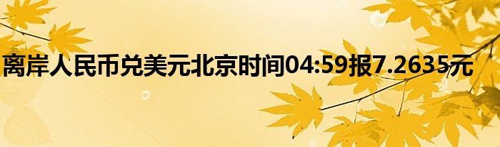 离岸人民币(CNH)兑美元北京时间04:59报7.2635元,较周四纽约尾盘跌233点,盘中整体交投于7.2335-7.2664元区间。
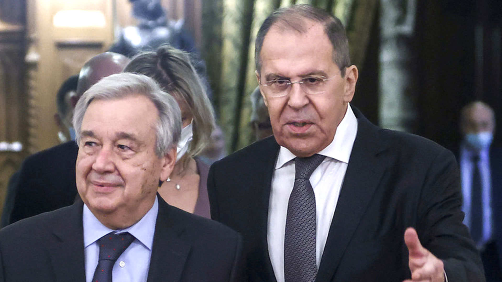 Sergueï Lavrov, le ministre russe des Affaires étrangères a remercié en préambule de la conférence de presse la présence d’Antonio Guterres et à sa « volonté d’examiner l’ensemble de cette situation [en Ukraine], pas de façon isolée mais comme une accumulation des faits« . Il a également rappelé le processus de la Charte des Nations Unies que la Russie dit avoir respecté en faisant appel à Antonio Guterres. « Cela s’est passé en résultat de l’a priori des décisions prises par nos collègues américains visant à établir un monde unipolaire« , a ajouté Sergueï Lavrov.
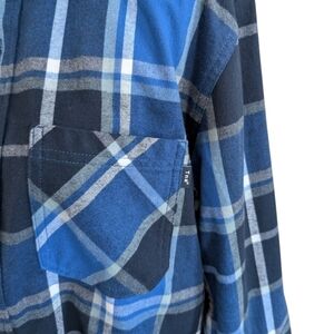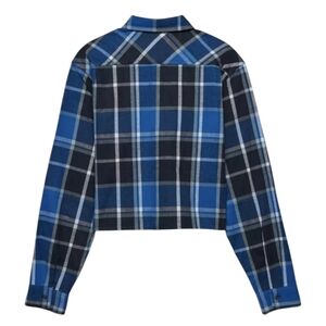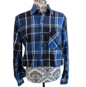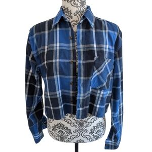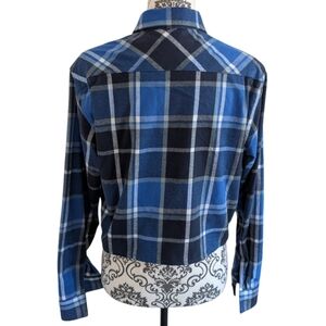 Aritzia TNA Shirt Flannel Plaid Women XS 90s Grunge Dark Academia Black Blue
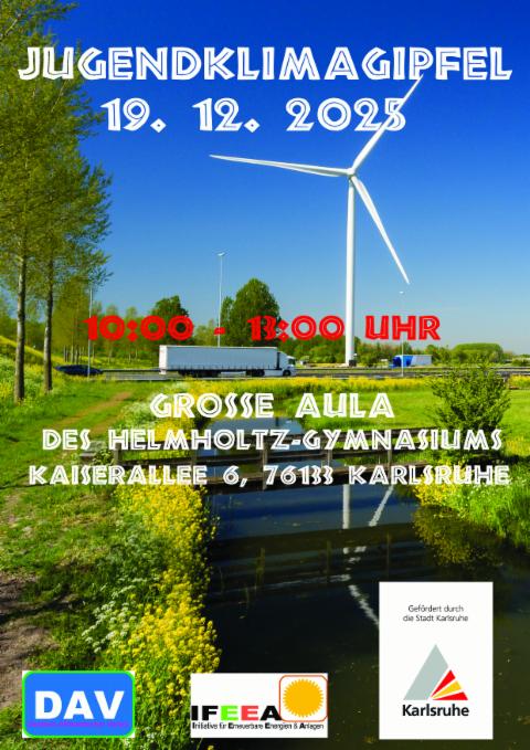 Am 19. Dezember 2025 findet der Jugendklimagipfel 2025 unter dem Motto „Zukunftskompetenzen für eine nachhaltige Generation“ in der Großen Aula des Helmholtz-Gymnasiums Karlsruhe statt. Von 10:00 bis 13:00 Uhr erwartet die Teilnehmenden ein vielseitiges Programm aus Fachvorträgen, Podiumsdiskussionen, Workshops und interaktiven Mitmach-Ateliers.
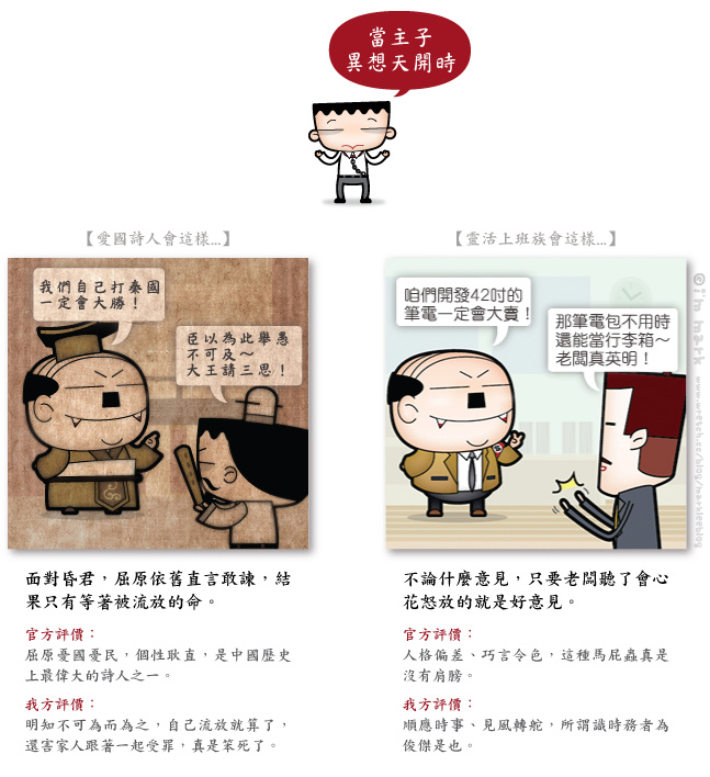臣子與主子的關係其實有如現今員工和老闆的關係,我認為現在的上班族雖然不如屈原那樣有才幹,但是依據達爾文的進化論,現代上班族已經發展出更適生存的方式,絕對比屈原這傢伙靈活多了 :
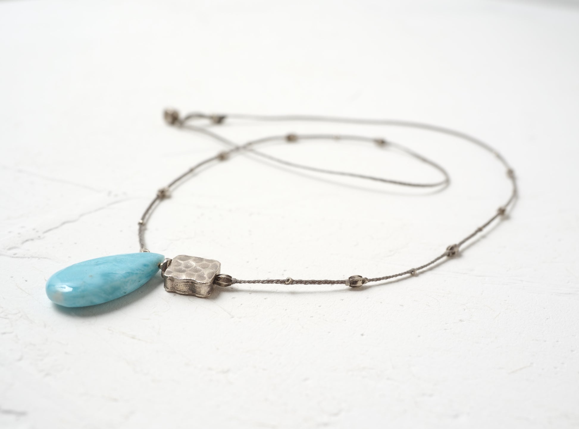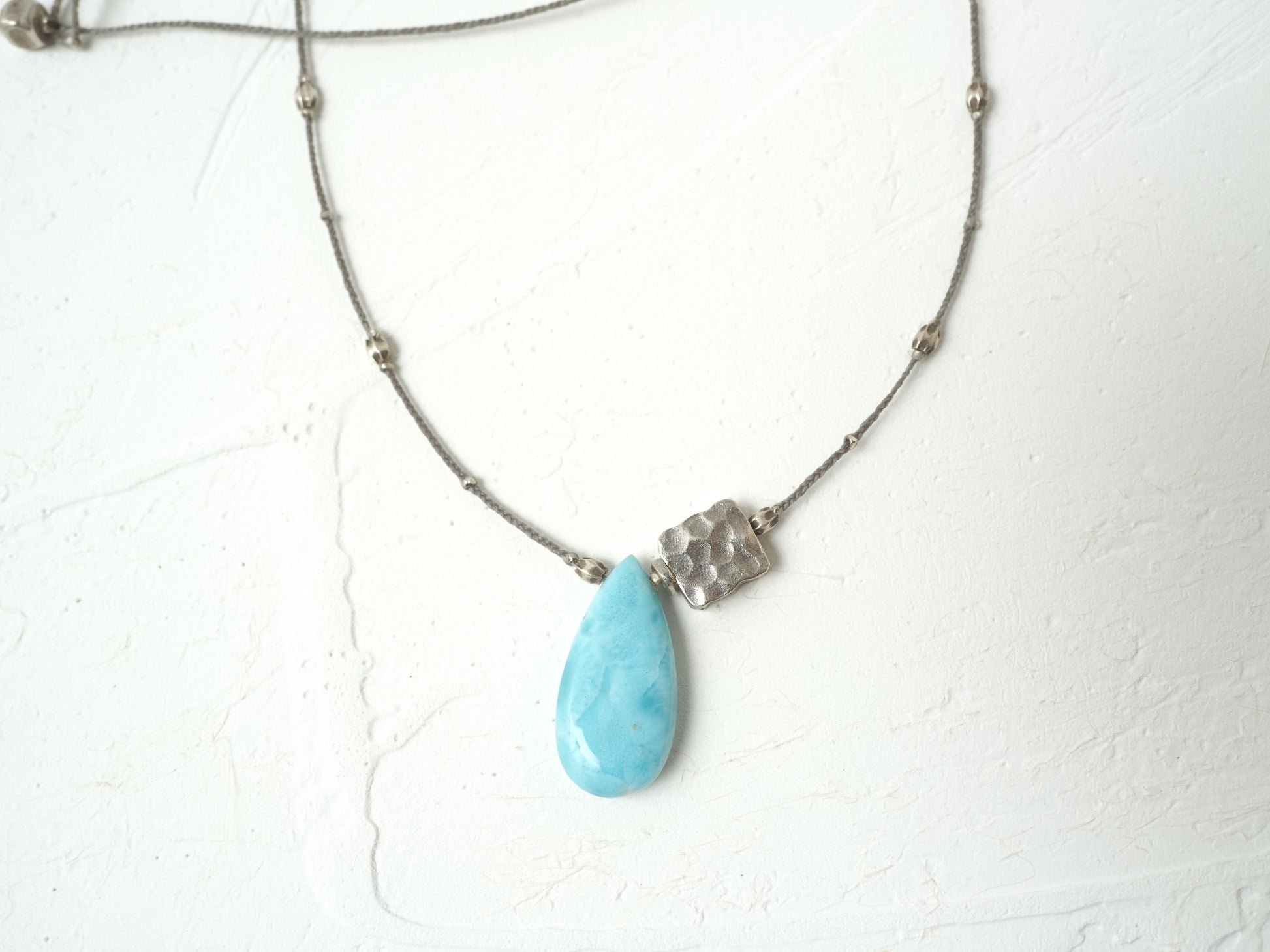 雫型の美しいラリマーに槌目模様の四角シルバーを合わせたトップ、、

++++++++++

• Task brief: A word-for-word copy is needed, starting at the first line of the listing and ending with the line bearing "Sergueï Lavrov, le". No pictures.

• Exercise response:
 离岸人民币(CNH)兑美元北京时间04:59报7.2635元,较周四纽约尾盘跌233点,盘中整体交投于7.2335-7.2664元区间。
 Sergueï Lavrov, le ministre russe des Affaires étrangères a remercié en préambule de la conférence de presse la présence d’Antonio Guterres et à sa « volonté d’examiner l’ensemble de cette situation [en Ukraine], pas de façon isolée mais comme une accumulation des faits« . Il a également rappelé le processus de la Charte des Nations Unies que la Russie dit avoir respecté en faisant appel à Antonio Guterres. « Cela s’est passé en résultat de l’a priori des décisions prises par nos collègues américains visant à établir un monde unipolaire« , a ajouté Sergueï Lavrov.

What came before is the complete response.